In one embodiment, a method for applying a service level to a packet of data is provided. The method comprises: receiving a data packet from a connection; determining a session associated with the data packet; determining a service level based on the connection and the session; and transferring the data packet at the determined the service level.
In another embodiment, a method for applying a service level to a packet of data is provided. The method comprises: initializing a user device for transferring data packets through a connection, the connection transferring data packets for a plurality of user devices including the user device; determining a service level that is associated with the user device; storing the service level; receiving a plurality of data packets from the connection, the data packets received from the plurality of user devices; associating a packet in the plurality of data packets with the user device, the association made based on a protocol associated with the data packet and the connection in which the data packet was received; determining a service level to apply to the data packet based on the stored service level associated with the user device; and applying the service level to the data packet.

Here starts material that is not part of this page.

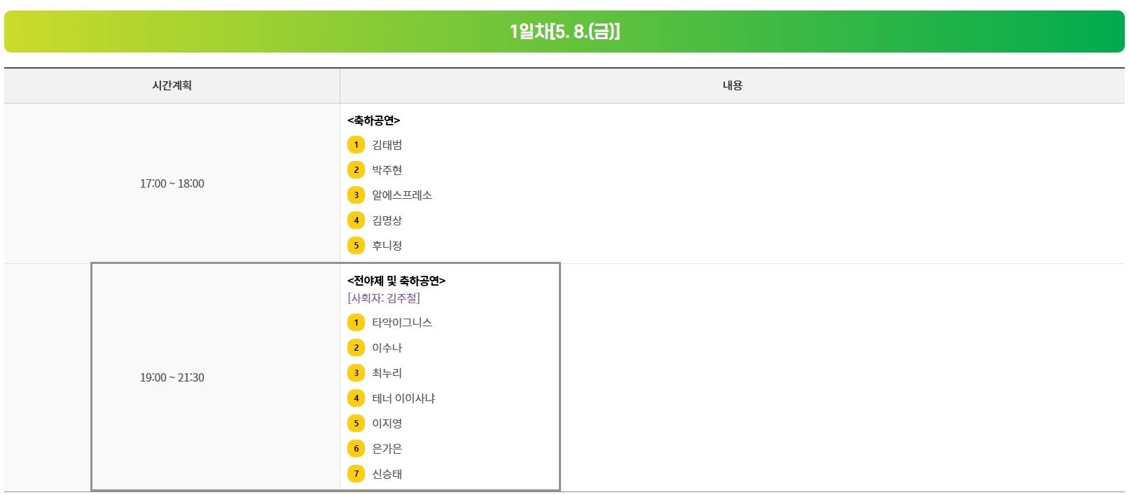 - 낮 공연 : 국악 / 청소년 페스티벌

In yet another embodiment, a method for determining and applying a service level to a data packet is provided. A plurality of data packets of a plurality of protocols are received from a plurality of connections. The method comprises: for a received packet in the plurality of packets, determining a connection in the plurality of connections in which the packet was received; determining a protocol in the plurality of protocols associated with the received packet; determining a session for the received packet based on the determined protocol and the determined connection; determining a service level that is associated with the session; and transferring the received packet at the service level.

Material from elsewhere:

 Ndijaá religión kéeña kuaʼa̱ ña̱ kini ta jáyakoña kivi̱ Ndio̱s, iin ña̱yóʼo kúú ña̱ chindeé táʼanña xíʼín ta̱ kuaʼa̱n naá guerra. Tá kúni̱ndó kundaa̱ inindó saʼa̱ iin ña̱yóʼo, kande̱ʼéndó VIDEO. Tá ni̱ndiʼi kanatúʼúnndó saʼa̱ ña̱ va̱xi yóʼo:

In another embodiment, an apparatus for applying a service level to data packets is provided. The apparatus comprises: a connection identifier configured to identify a connection in which a data packet was received; a protocol identifier configured to identify protocol information for the data packet; a session identifier configured to determine a session based on the identified connection and identified protocol information; a service level determiner configured to determine a service level associated with the identified session; and a transmitter configured to transfer the data packet at determined service level.

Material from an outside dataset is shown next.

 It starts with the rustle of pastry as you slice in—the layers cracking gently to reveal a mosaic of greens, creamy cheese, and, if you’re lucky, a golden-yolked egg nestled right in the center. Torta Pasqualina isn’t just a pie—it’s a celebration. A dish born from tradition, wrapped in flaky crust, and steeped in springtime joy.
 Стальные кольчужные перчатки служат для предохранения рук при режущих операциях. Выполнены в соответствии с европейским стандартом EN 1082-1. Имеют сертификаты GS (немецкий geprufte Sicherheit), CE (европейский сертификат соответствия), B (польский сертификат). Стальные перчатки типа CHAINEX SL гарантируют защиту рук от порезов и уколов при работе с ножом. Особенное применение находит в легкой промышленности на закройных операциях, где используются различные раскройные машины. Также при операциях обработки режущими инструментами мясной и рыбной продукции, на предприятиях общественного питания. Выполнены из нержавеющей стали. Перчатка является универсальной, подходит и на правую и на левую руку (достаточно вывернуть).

A further understanding of the nature and the advantages of the inventions disclosed herein may be realized by reference of the remaining portions of the specification and the attached drawings.
User devices 4 are computing devices associated with users that communicate data. Examples include personal computers (PCs), customer premise equipment (CPE), user terminals and modems, workstations, personal digital assistants (PDAs), cellular phones, personal PCs, switches, servers and the like. The data are transmitted to access equipment systems 6 through communication lines.
Access equipment systems 6 aggregate and multiplex the data received from user devices 4. Examples of access equipment systems 6 include digital subscriber line access multiplexer (DSLAM), multiplexers, etc. Data received at access equipment systems 6 are then sent to routers 8. Data from a single access equipment system 6 are typically sent in a specific data format and a specific data rate. For example, the data formats include SONET/SDH (OC3, OC12, OC48, etc.), DS3/E3, Ethernet, Gigabit Ethernet, etc. Data in these formats are also transferred at various data rates, where a fixed data rate is associated with a format. Also, the type of physical connection may limit the data rate in which data is transferred. For example, ATM circuits may transfer data at one rate and SONET networks may transfer data at another rate.
Router 8 receives the data from access equipment systems 6. Router 8 processes the data in data packets and may send the data packets to one or more other routers 8. Although data packets are referred to, it will be recognized that data may be transferred by other means, such as a public switched telephone network (PSTN) or a wireless network. Data packets are then sent to either another access equipment system 6 and/or to another user device 4 through network 10. Network 10 may be any network, such as the Internet, a wireless network, a wireline network, etc.
Embodiments of the present invention may be included in routers 8 in
First connection 202 and second connection 204 may be any type of physical connection. For example, connections 202 and 204 may be a physical connection such as an asynchronous transfer mode (ATM), Ethernet, or packet over SONET connection. Each connection is connected to an interface at router 8. The interface may be a plurality of ports where each port is connected to a specific connection. Thus, connection 202 may be connected to a first port and connection 204 may be connected to a second port. Examples of ports include an asynchronous transfer mode (ATM) port, an Ethernet port or a Packet-over-SONET port. On an ATM port, a combination of VPI and VCI identifies a connection. An Ethernet port may be logically subdivided into multiple logical Ethernet ports using VLAN tags placed on the Ethernet frame. Hence, the Ethernet port may be considered a single connection. If VLANs are configured on the Ethernet port, each VLAN-tag is considered a connection. Similarly a SONET-port can be used as a single connection or subdivided into logical connections using Virtual Tributaries. Service level router 12 can then identify connection 202 and 204 based on the port or logical port in which data was received.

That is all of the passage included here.